Key Facts - The consensus forecast calls for Q1 revenue of roughly $171 million, up 6.6% from the prior year’s $160 million. - Over the past month, FSTR shares have risen 1.9%, lagging the 9.4% average gain in the broader industrial machinery sector. - Analysts’ average price target sits at $32.50, compared with the current price of $30.68, implying a 6% upside. - Peer performance shows mixed signals: Albany International (ALB) posted 7.8% revenue growth, while Luxfer (LUX) saw a 13.5% decline.

What It Means The projected 6.6% growth suggests the company will sustain momentum without replicating the prior quarter’s explosive rise. The slowdown reflects a normalization after a strong rebound from a 21.3% year‑over‑year dip in the same quarter last year. Investors appear cautiously optimistic; the stock’s modest 1.9% gain contrasts with the sector’s broader rally, yet the $32.50 price target signals confidence that the current price undervalues the business.
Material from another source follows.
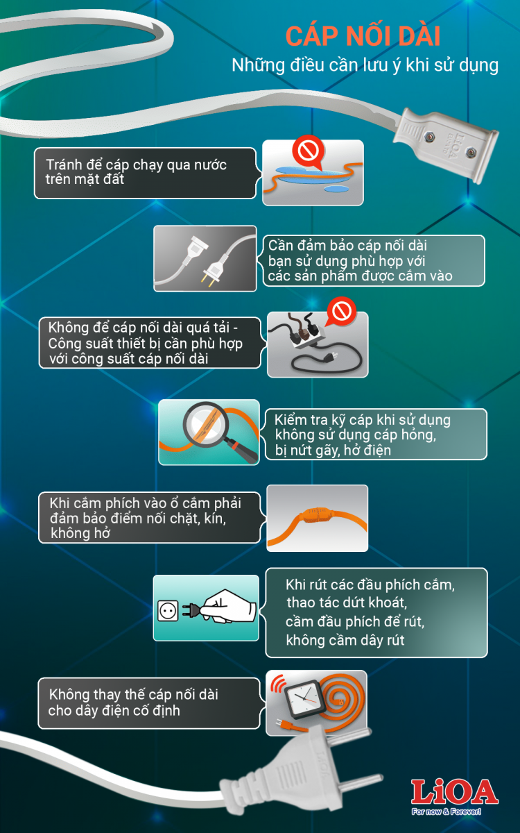 Bạn đang băn khoăn không biết làm sao cấp điện cho thiết bị ở xa mà vẫn tiết kiệm chi phí, thì các sản phẩm cáp nối dài LiOA sẽ giúp bạn làm điều đó. Cáp nối dài dùng để cung cấp điện cho các thiết bị có dây điện không thể kéo tới bất kỳ ổ cắm điện nào gần đó. Lựa chọn đúng loại dây nối là điều quan trọng để đảm bảo an toàn điện và ngăn ngừa hỏa hoạn trong nhà.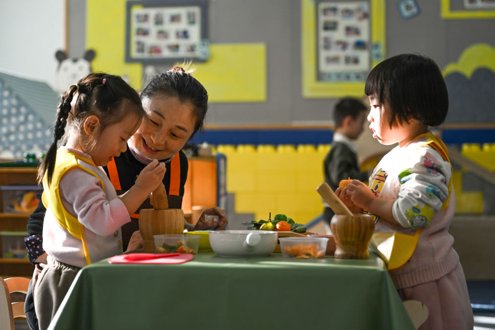 在青海省西宁市城中区一家托育中心,老师带孩子们体验劳动课程(2024年12月12日摄)。 新华社记者 张龙 摄

From a valuation standpoint, the price‑target gap translates to roughly $1.82 per share, or a 6% premium. If the company meets or exceeds the 6.6% forecast, the upside could narrow, prompting analysts to adjust targets upward. Conversely, a miss would likely widen the discount and pressure the stock further.

Looking Ahead Watch the Q1 earnings release for actual revenue, EBITDA and EPS figures, and monitor how the market reacts to any deviation from the 6.6% consensus. Subsequent guidance will be key to gauging whether FSTR can sustain growth amid mixed peer results.